# Porter Cable 4212 dovetail jig



## a1Jim

Good review AJ


----------



## pintodeluxe

Yes sir, that is a keeper. I saw a good tip on the Woodsmith Shop TV show. You add locknuts under the knobs that hold the aluminum dovetail template in place. That way once you are adjusted to an accurate setting, the template won't move.
I tried it, and it works well.


----------



## Rick1911

Thanks for the good review - mine arrives on Friday.

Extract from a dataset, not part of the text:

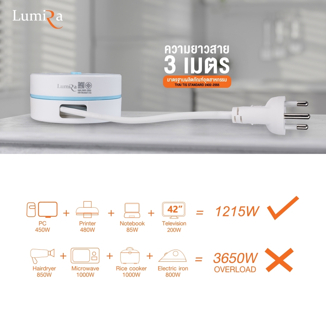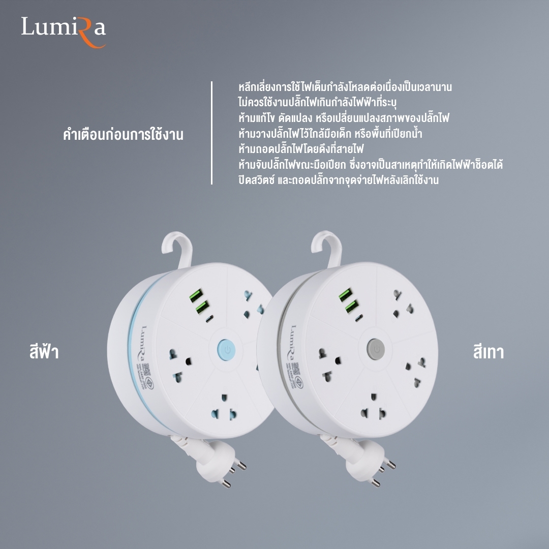 ปลั๊กไฟแบบม้วน 4 ช่อง + USB 2 ช่อง + Type-C 1 ช่อง มีสวิตช์เปิดปิด สายยาว 3 เมตร สีขาว-ฟ้า LUMIRA รุ่น LS-023/2U 3M (มี มอก.)ในยุคที่อุปกรณ์อิเล็กทรอนิกส์และสมาร์ทดีไวซ์กลายเป็นส่วนหนึ่งของชีวิตประจำวัน การเลือกใช้ปลั๊กไฟที่มีความปลอดภัย ใช้งานสะดวก และรองรับการชาร์จอุปกรณ์หลากหลายประเภทจึงเป็นสิ่งสำคัญ

Couldn't pass up the deal on Amazon.com.
$149 minus $20 instant promotion deduction - along with free two day shipping (with Amazon Prime) came to $129 - which is, I think, a real bargain.
THAT being said - it's going to be 12 degrees Saturday morning - so my garage/shop might be a little too chilly to try it out. However . . . .


----------



## NiteWalker

It's a great jig. I grabbed mine last year when there was a $20 off $100 promo plus a $25 rebate. $105 out the door and I'm happy with it. 

Thanks for the tips on the locknuts pinto, that will help.
There's another post of a LJ who used a different angle dovetail bit with great results.
Here and here. Grab that advanced manual too.


----------



## sedcokid

Good review AJ


----------



## Pete_Jud

I have two of these, one set up for pins, the other for tales mounted on the same board, and two PC routers dedicated to them. Good product.


----------